Well, modprobe brcmsmac returns no errors or any messages at all. It appears to get loaded, but it just doesn't do anything. The wireless chip's LED is a touch-sensitive button - touching it turns it on/off. It doesn't respond to that when I load the 4.3.3 kernel and brcmsmac. 

Even with the 3.0 kernel I've kept, the wireless chip sometimes isn't activated and I have to reboot. It's never worked at all with higher kernels.

----------

## s4e8

14e4:4353 supported by BCMA + B43 driver.

----------

## audiodef

I emerged the b43 firmware and it still doesn't work with the 4.3 kernel.

----------

## s4e8

 *audiodef wrote:*   

> I emerged the b43 firmware and it still doesn't work with the 4.3 kernel.

 

I got mistaken: it's driven by bcma+brcmsmac. You shoud enable CONFIG_BCMA_HOST_PCI=y to make bcma support PCI devices.

----------

## audiodef

Thanks for the tip. I tried enabling CONFIG_BCMA_HOST_PCI=y manually, but that didn't seem to help.

----------

## NeddySeagoon

audiodef,

Show us dmesg again.

----------

## audiodef

Here's a new dmesg. I see that bcma and brcmsmac load, but the wireless chip just doesn't turn on.

Here's the dmesg from kernel 3.0.76. I see that this kernel uses something called wl - no bcma or brcmsmac. The exact options from 3.0.76 aren't available any more in 4.3.3. I'm guessing wl is the driver at /usr/src/linux-3.0.76-gentoo/drivers/net/wireless/wl1251. Someone once suggested making a later kernel use this driver, but I don't know how.
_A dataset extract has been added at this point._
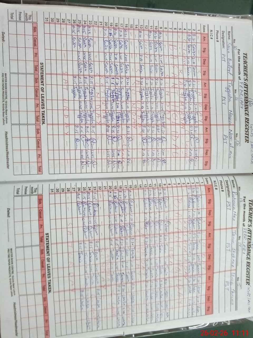 | Name: Sa**** Ta**** Designation: (School Headmaster's/Headmistress's) PST Phone/Cell Number: 03**** |

I would prefer to make it work with the current driver that's supposed to work, but at this point, I'll take what I can get.

----------

## BartNL

Please try resetting your BIOS. Some wireless cards have Windows drivers that disable it at BIOS level. 
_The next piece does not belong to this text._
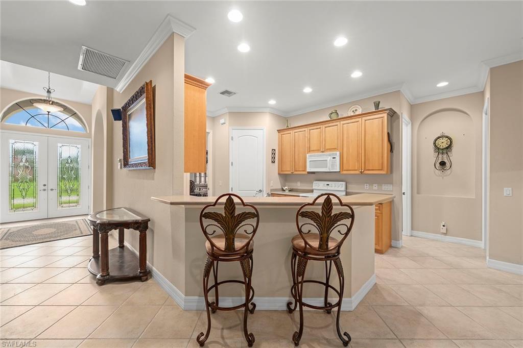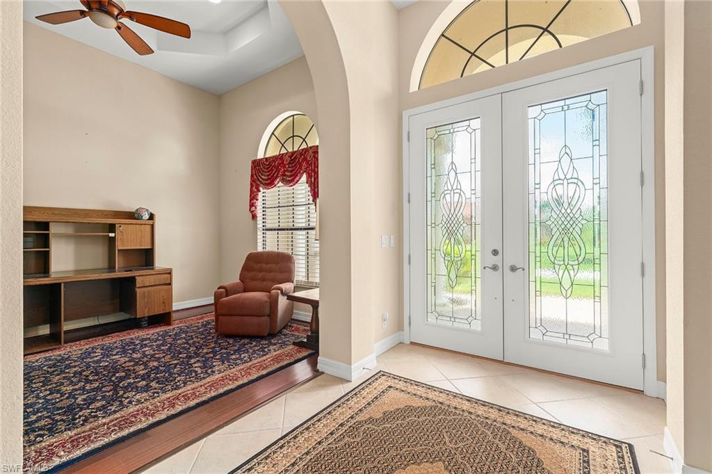On a full acre in an ideal Bonita Springs location, this four-bedroom, three-bath residence includes a dedicated den and offers privacy and proximity to the area’s main attractions. A split-bedroom layout ensures comfort and seclusion for family or guests, with seamless access to the pool and covered lanai—ideal for indoor-outdoor living. The outdoor area features a heated pool, a large paved driveway, and a four-car garage with extended space for storage or a workshop. Storm protection has been thoughtfully addressed with impact-resistant windows in the front, electric and accordion shutters, and a whole-house generator. A gas line services the generator and pool heater. A new roof was installed in 2023, a newer air-conditioning unit and a sprinkler system, adding peace of mind for future owners. This property balances the rare combination of acreage, resilience and accessibility, creating a compelling opportunity for those seeking flexibility and long-term value.

Should´nt Rfkill be installed and enabled in the kernel?

----------

## audiodef

Hm, never thought of that. I'll check. Thanks!

 *BartNL wrote:*   

> Please try resetting your BIOS. Some wireless cards have Windows drivers that disable it at BIOS level. 
> 
> Should´nt Rfkill be installed and enabled in the kernel?

 

----------

## audiodef

Checking the BIOS didn't work. The BIOS on this machine is rather limited, anyway. 

I'm considering filing a bug report, but I can't tell whether this particular chip is simply not supported as advertised under specific circumstances or if there is something wrong with my hardware. I know three things for sure:

1. This chip has never worked with a kernel higher than 3.0.76.

2. This laptop originally shipped with Windows and never had any problems with wifi before I nuked Windows.

3. Sometimes when I turn the laptop on, I have to reboot because the wireless card will not find any networks. Every once in a while, I have to reboot a few times in succession before it works.

----------

## audiodef

I gave up and ordered a couple of USB adapters from Amazon. 

I had been messing around with genkernel to see if that would help. Right after I placed my order, I was messing around some more and ended up creating a net.wlan0 in /etc/init.d, rebooted, and voila! My laptop's wireless started working with 4.x sources. Genkernel is probably irrelevant to that, but I think I'll let it stand for now. 

Put in a cancel request on my Amazon order, but if I was too late, I'll have extra wireless cards.

----------